# I found a great deal!



## terri9630 (Feb 27, 2012)

I was browsing Craigs list and found a listing for rabbit cages.  2 30x30 and 4 24x36 cages from bass equip.  I called and went to check them out.  The people that had them had decided to raise rabbits to eat and found they couldn't stomach killing them.  They turned the rabbits loose (really stupid!).  I asked what they wanted for the 24x36 cages and they said if I took everything I could have it for $150.  6 cages with trays, 6 J feeders, 2 water bottles and 4 auto water nipples and a 50lb bag of feed.  Everything looks brand new.


----------



## elevan (Feb 27, 2012)

Great find!  Congrats!


----------



## terri9630 (Feb 27, 2012)

The best part was that they were only 15 miles from my house.  I just wish I had seen the add BEFORE they turned the rabbits loose.  Pedegreed  NZW's.  Just what I had been looking for!


----------



## DianeS (Feb 28, 2012)

Was this just recent - like today or yesterday? Want to try to get those rabbits in spite of the fact they were turned loose?
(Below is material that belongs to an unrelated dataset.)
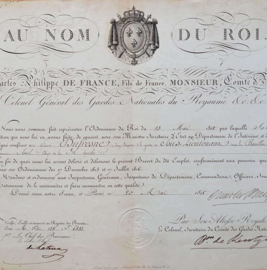 Brevet de sous-lieutenant dans le bataillon de la Garde Nationale à pied de l'arrondissement de Toul, accordé par le comte d'Artois (futur Charles X), à Jean-Baptiste Dufresne.

1 - Get permission to put a humane trap where the rabbits were turned loose. Bait it with the food the rabbits were used to eating. Wouldn't surprise me if you caught one or two of them because they came back to the same area. And after all, the rabbits are accustomed to their pellets in a wire cage, so they won't be freaked by the trap. Doesn't hurt to try, if you can rent a cheap trap. (Where I live you can rent them from the humane society and get 100% of your deposit back if you return it undamaged.)

2 - Also worth trying is a "lost and found" ad for the rabbits that were turned loose. Don't say they were turned loose, just say "lost". Then cheerfully pick up any NZ buns that are turned in. Just remember to quarantine.
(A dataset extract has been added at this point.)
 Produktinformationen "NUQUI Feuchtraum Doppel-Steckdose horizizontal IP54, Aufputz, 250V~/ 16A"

Nice Craigslist score on the cages!


----------



## terri9630 (Feb 28, 2012)

DianeS said:
			
		

> Was this just recent - like today or yesterday? Want to try to get those rabbits in spite of the fact they were turned loose?
> 
> 1 - Get permission to put a humane trap where the rabbits were turned loose. Bait it with the food the rabbits were used to eating. Wouldn't surprise me if you caught one or two of them because they came back to the same area. And after all, the rabbits are accustomed to their pellets in a wire cage, so they won't be freaked by the trap. Doesn't hurt to try, if you can rent a cheap trap. (Where I live you can rent them from the humane society and get 100% of your deposit back if you return it undamaged.)
> 
> ...


I got the cages Fri and the cages had been listed for about a week so it wasn't to recent.
With the hawks, owls, booming coyote population, stray/wild dogs and location of the property I'd be suprised if they survived the night.

Bright white rabbits in the desert with no cover no water or hidy holes....


----------



## GLENMAR (Feb 28, 2012)

I just got 2 eight foot wire cages holding 4 rabbits each. (for a total of 8 rabbits)
And a large assortment of feeders, nest boxes, and transport carriers all for $50.
AND the guy is bringing all of it to my house in the morning.


----------



## hemet dennis (Feb 28, 2012)

GLENMAR said:
			
		

> I just got 2 eight foot wire cages holding 4 rabbits each. (for a total of 8 rabbits)
> And a large assortment of feeders, nest boxes, and transport carriers all for $50.
> AND the guy is bringing all of it to my house in the morning.


Now that's a damn good deal


----------



## terri9630 (Feb 28, 2012)

Wow. I thought $25 for a complete cage set up was good.


----------



## GLENMAR (Mar 2, 2012)

Re-checked what I got there were 3 eight foot cages, enough room for 10 rabbits
and 10 transport cages holding between 5 and 2 rabbits each. 2 next boxes and feeders.


----------



## terri9630 (Mar 5, 2012)

GLENMAR said:
			
		

> Re-checked what I got there were 3 eight foot cages, enough room for 10 rabbits
> and 10 transport cages holding between 5 and 2 rabbits each. 2 next boxes and feeders.


Wow! Great find!


----------



## CinderSmoke (Jul 30, 2012)

How tall are the cages?  Can the rabbits stand up on their hind feet to stretch their backs?  I've seen lots of cages for sale as "rabbit cages" that I wouldn't call good enough.
(for example, my rabbits cages are 48" wide, 24" deep and 28" high.)


----------



## terri9630 (Jul 31, 2012)

Yes.  The rabbits can stretch and sit upright.  I don't remember the measurements off hand but my NZW buck likes to sit up and watch his guard dog sleep.  They are a funny pair.


----------



## BYJR1434 (Aug 1, 2012)

Why cant i find that kinda deal:/, although i did end up getting 2 24x36 for 20 a pop.


----------